Le goût pour la musique baroque. Cela n’empêche pas la chorégraphe, actuellement empêtrée dans des accusations de harcèlement et d’autoritarisme portées par des membres de sa compagnie Rosas, de donner le tempo. Ses chorégraphies irradient son école et son goût pour la musique baroque a pris une nouvelle fois forme sur la scène de La Comédie de Montpellier.

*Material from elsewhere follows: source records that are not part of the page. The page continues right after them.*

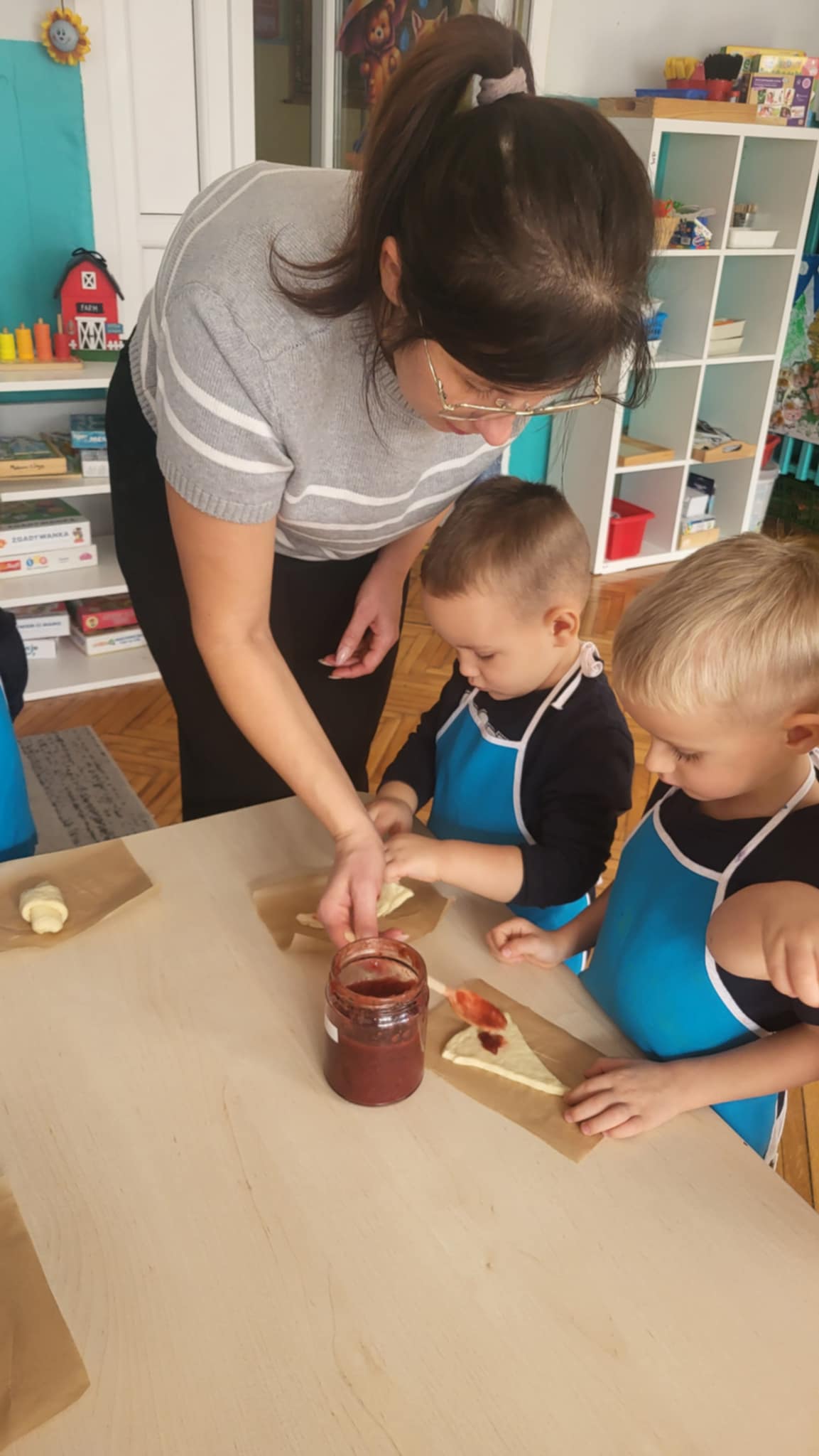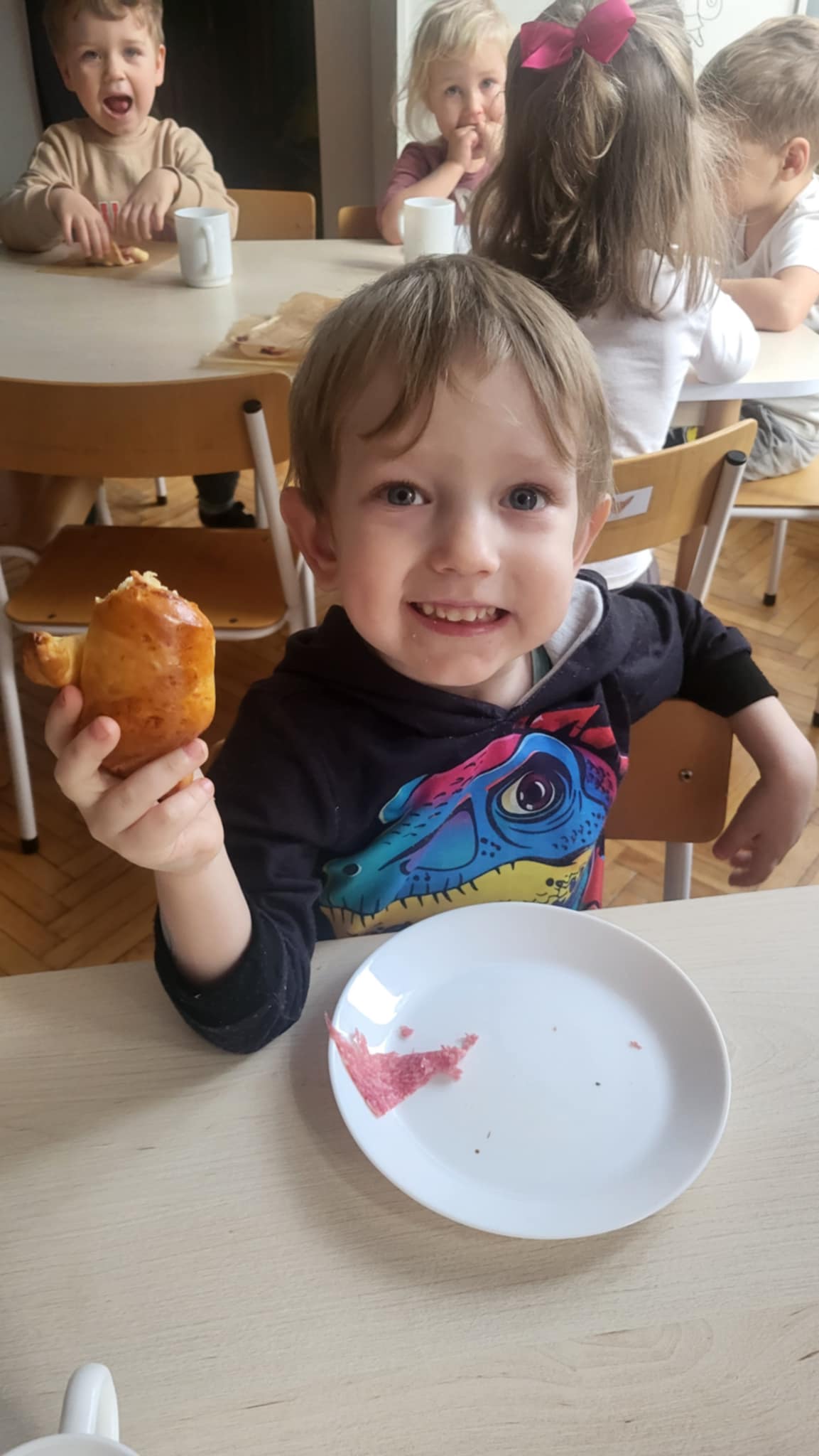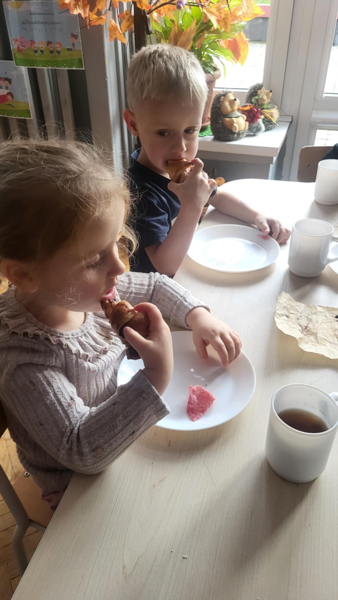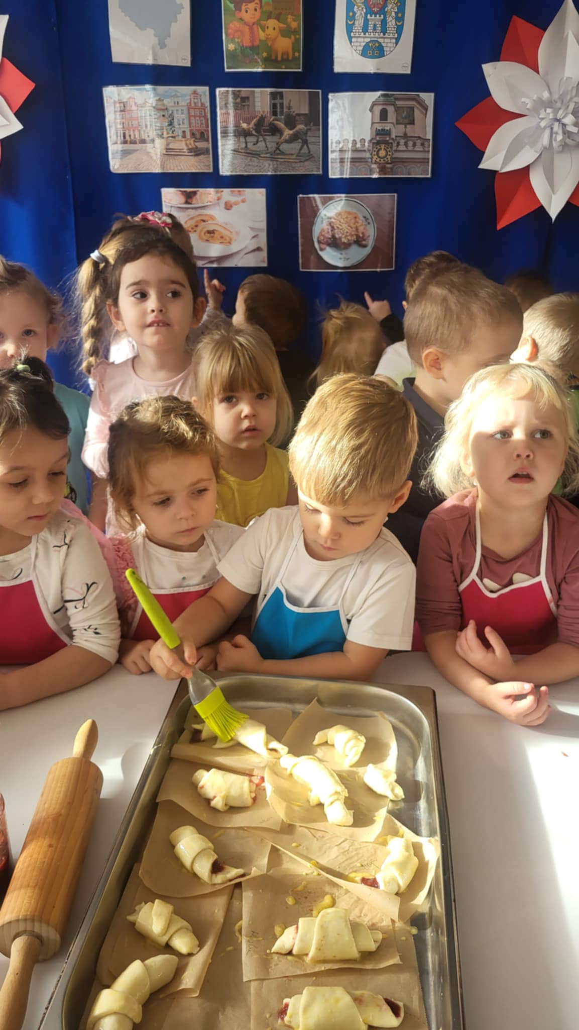 Dzieci z grupy pierwszej i drugiej wybrały się na wycieczkę do Poznania. Wysłuchały legendy o poznańskich koziolkach oraz o powstawaniu rogali świętomarcińskich. Wiedzą z jakich produktów powstaje ciasto na rogale i jakie nadzienie można w nie włożyć. Dotykały prawdziwego ciasta na rogale oraz same zawijały trójkąty z ciasta tworząc pyszne rogaliki z nadzieniem różanym.
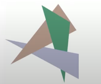 - 물체가 겹쳐져 있는 경우에 문제가 발생함(제일 앞의 삼각형이 무엇인지 이해하기 어려움) 그래서 등장한 것이 z버퍼 알고리즘
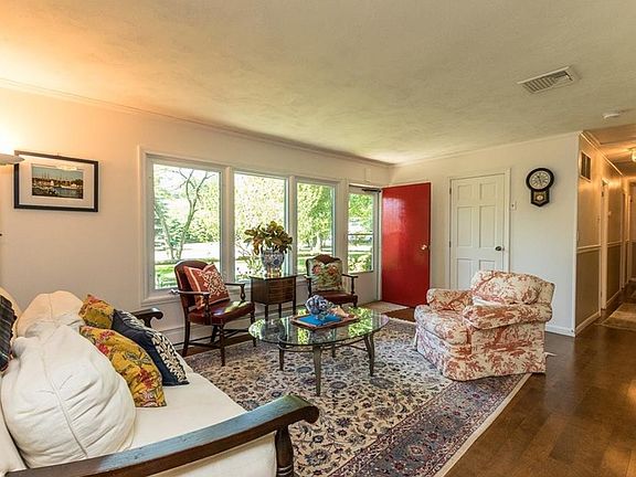 Tucked away at the end of the cul-de-sac, delight in the unexpected! Large open spaces with charm and character await - rooms flow seamlessly from one to another with multiple uses. Gleaming new hardwood floors throughout, 4 generous size bedrooms including a master suite, both bathrooms tastefully updated. All-white kitchen with granite countertops features a walk-in pantry. Only minutes away from major highways and train, a commuter's dream. After a long day relax in the covered patio area with friends or roast marshmallows and watch the fireflies over the meandering brook. Sprawling lawn both front and back, perennial gardens will bring you joy for years to come. Many improvements include new roof, chimney, floors, windows.
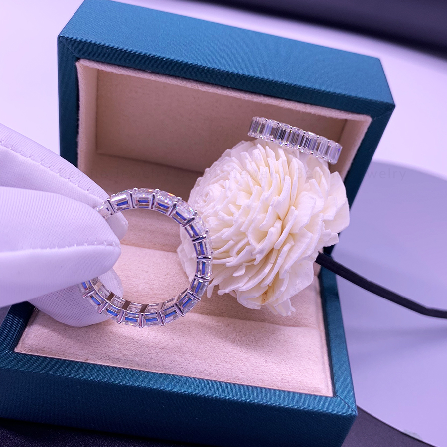 Nhẫn Cưới Emerald Eternity Band là biểu tượng cho sự bền vững, sự cam kết không thay đổi trong tình yêu. Với thiết kế vòng tròn eternity band kết hợp cùng Moissanite Emerald hiện đại được đính trải dài quanh bề mặt nhẫn, giúp tạo nên vẻ đẹp đồng đều và hoàn hảo từ mọi góc nhìn.
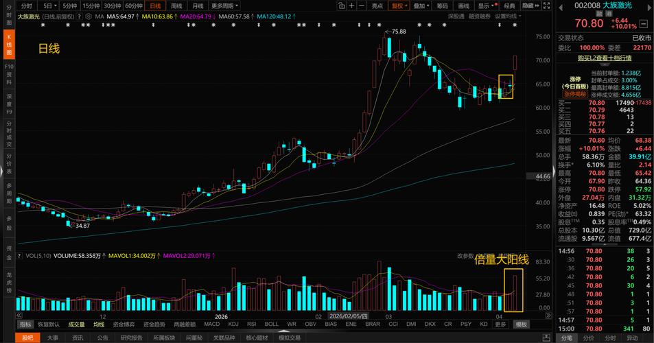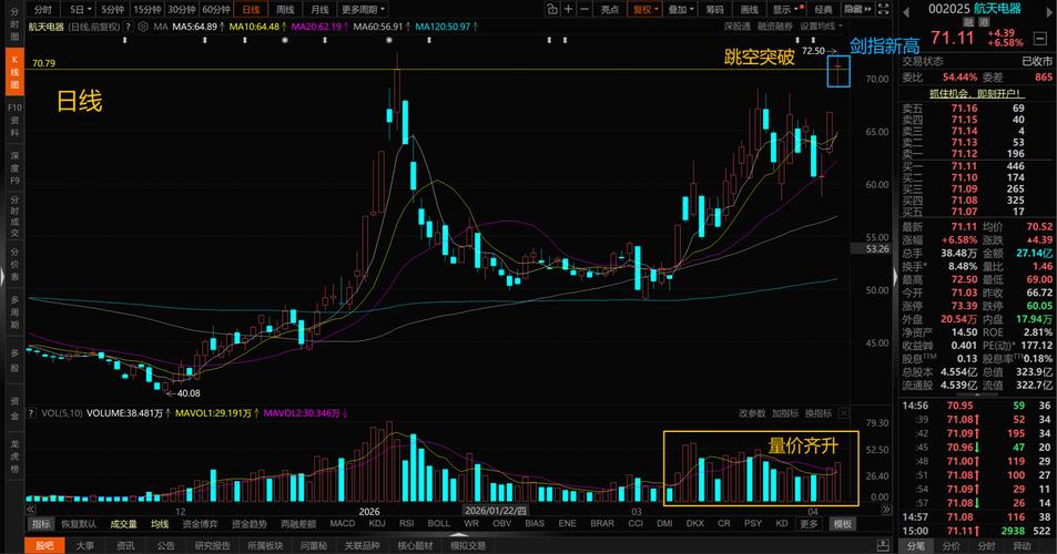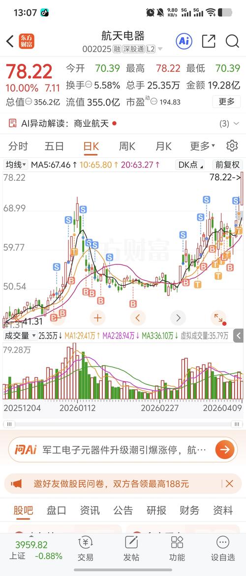 晚间话航天电器:今日回顾与明日展望 今日回顾 早盘70.39元开,最高冲至78.22元,最低下探70.39元,最终收盘78.22元,涨停10.00%,单日振幅11.01%,股价全天运行区间集中在70.39-78.22元。全天成交量26.84万手,成交额20.46亿,换手率5.91%,量比0.92,资金活跃度较前一交易日有所回落;委比100.00%,买盘力量封死涨停,内盘成交15.85万手,外盘成交...
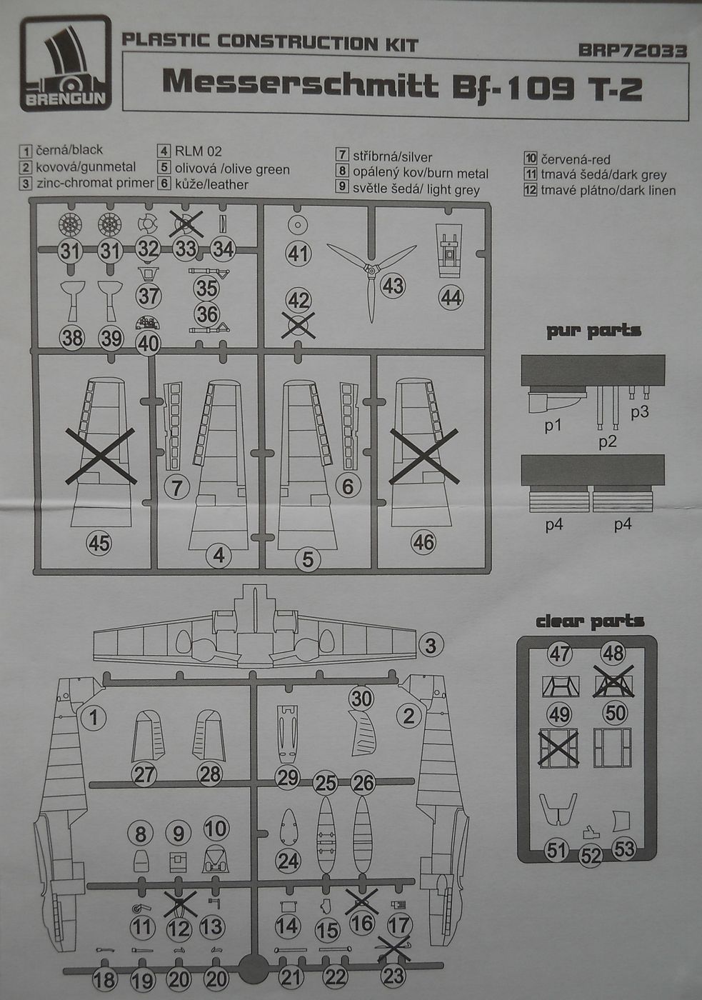 Модель Bf-109 Т-2 от Brengun из пластика в масштабе 1/72 (номер по каталогу 72033). Картонная коробка с боковым открытием. Характерное литьё ЛНД для этой фирмы. Внутренний крой относительно аккуратный. Неплохая деталировка. Фонарь даётся из нескольких частей и смотрится хорошо. Присутствуют детали из смолы. Но, в моём наборе на них имеются мелкие пузыри. Декаль на четыре варианта самолёта. Инструкция по сборке и окраске вполне информативна и наглядна.
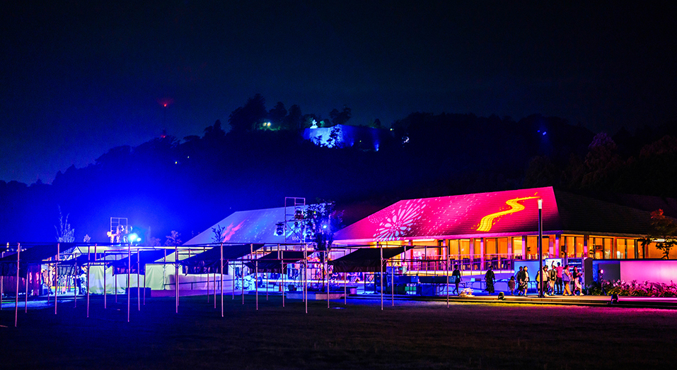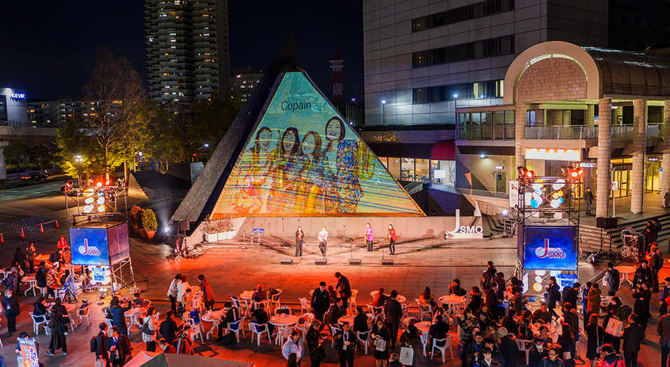 神戸は日本のジャズ発祥の地。その歴史は100年前に遡る。当日は六甲山の美しい星空や港町神戸をイメージさせるライトアップやプロジェクションマッピングでジャズ演奏を彩り、特別な屋外空間を作り出した。
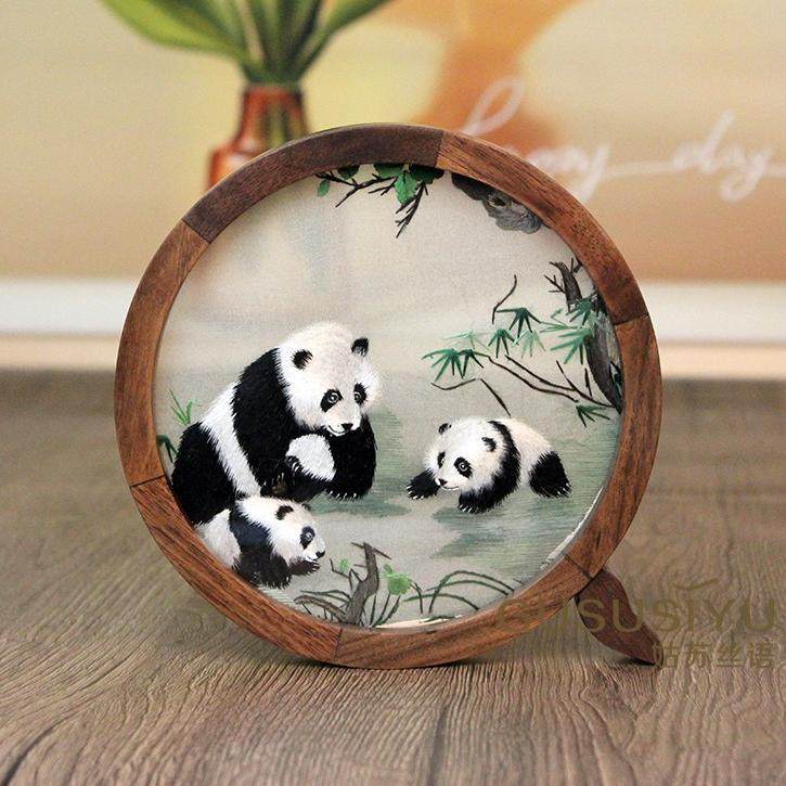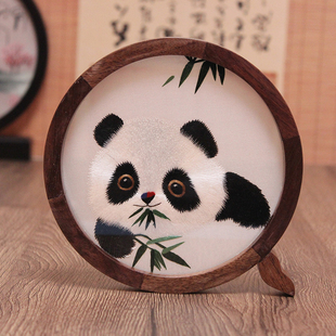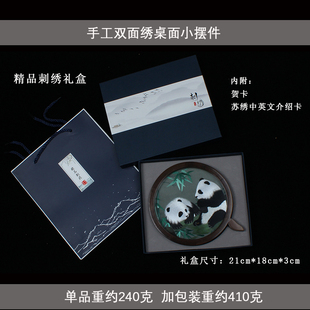 苏绣刺绣摆件手工双面绣中国风工艺品新中式 桌面熊猫摆台伴手送礼
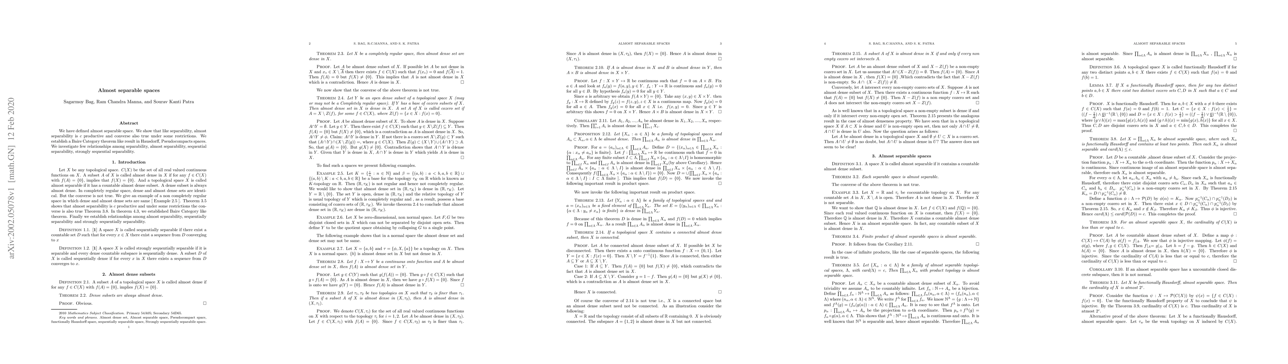 This paper introduces the concept of almost separable spaces, demonstrating that almost separability is $c$ productive and shares similar properties with separability under certain restrictions. It also establishes a Baire Category theorem analogue for Hausdorff, pseudocompact spaces and explores relationships between separability, almost separability, and various types of sequential separability.
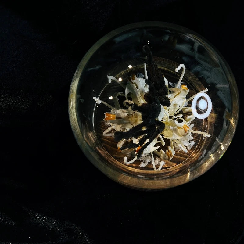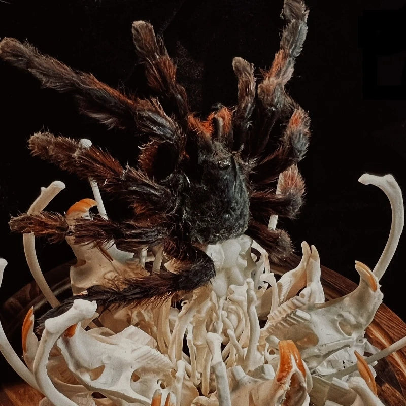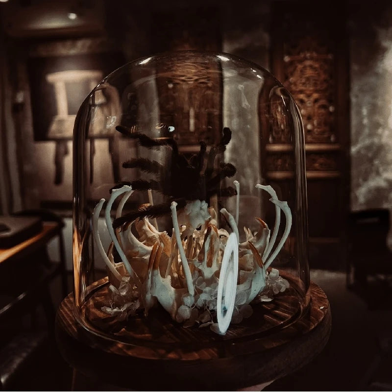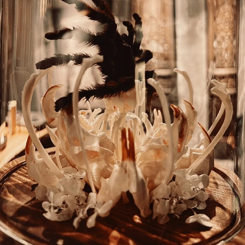 A striking fusion of nature and the macabre, this handmade 3D glass dome features skeletal bones, an insectivorous flower, and a spider in haunting detail — a perfect centerpiece for gothic décor or Halloween displays.

De Keersmaeker avait déjà multiplié ses travaux sur Bach, les Concertos brandebourgeois ou les Variations Goldberg jusqu’à réaliser l’an dernier un film sur les Six Suites pour violoncelle seul avec le musicien Jean-Guihen Queyras, qui ne cache pas son admiration pour la capacité de la chorégraphe à initier un langage libre et pourtant structurellement en rapport avec la musique. Après Bach, Heinrich Ignaz Franz Biber, musicien moins connu mais tout aussi baroque, a retenu son attention en 2022. Et cette année, c’est Antonio Vivaldi qu’a choisi la chorégraphe pour sa création.

 

Liberté et humanisme contemporains. Il cimento dell’armonia e dell’inventione, est en effet largement structuré par les Quatre Saisons. C’est pourtant sans musique que la pièce débute sur un long solo d’un danseur vêtu d’une culotte à bord doré très XVIIIe siècle et d’une gilet long en voile transparent. La gestuelle et la façon d’occuper l’espace sont déjà amorcées et disent aussi que la chorégraphie ne se veut pas une soumission des corps à la musique du compositeur vénitien. Cette dernière est en effet suffisamment forte et connue du public pour imposer sa structure à la danse, la rythmer, la phagocyter. Si les quatre danseurs qui occupent la scène en groupe, en duo ou en solo, répondent souvent aux injonctions d’une musique qui façonnent depuis des siècles notre oreille et notre imaginaire, la pièce n’en affirme pas moins sa liberté, jouant d’autres langages, comme le hip-hop, le disco, et la poésie d’Asmaa Jama, mais sans opposition à la structure narrative des Quatre Saisons dont deux danseurs vont, dans le silence, reproduire par battements de pieds le passage le plus apprécié. Ces appels à d’autres formes esthétiques sont magnifiquement gérés, ne venant jamais provoquer et moins encore insulter la musique baroque. Elles confèrent plutôt à cet espace de liberté et d’humanisme résolument contemporain qui a emporté la salle.

 

 

Il cimento dell’armonia e dell’inventione, d’ Anne Teresa De Keersmaeker et Radouan Mriziga sur les Quatre saisons de Vivaldi. Montpellier Danse, Opéra Comédie les 1er et 2 juillet. Créé avec et dansé par : Boštjan Antončič, Nassim Baddag, Lav Crnčević, José Paulo dos Santos.

En tournée en juillet à Vienne, en août au Festival de Basel, en septembre au Festival d’automne de Paris, en octobre au Festspiele de Berlin, en novembre à Anvers, en décembre à Amsterdam, puis à Deinze (Belgique), Breda (Pays-Bas) et en avril 2025 à Rennes.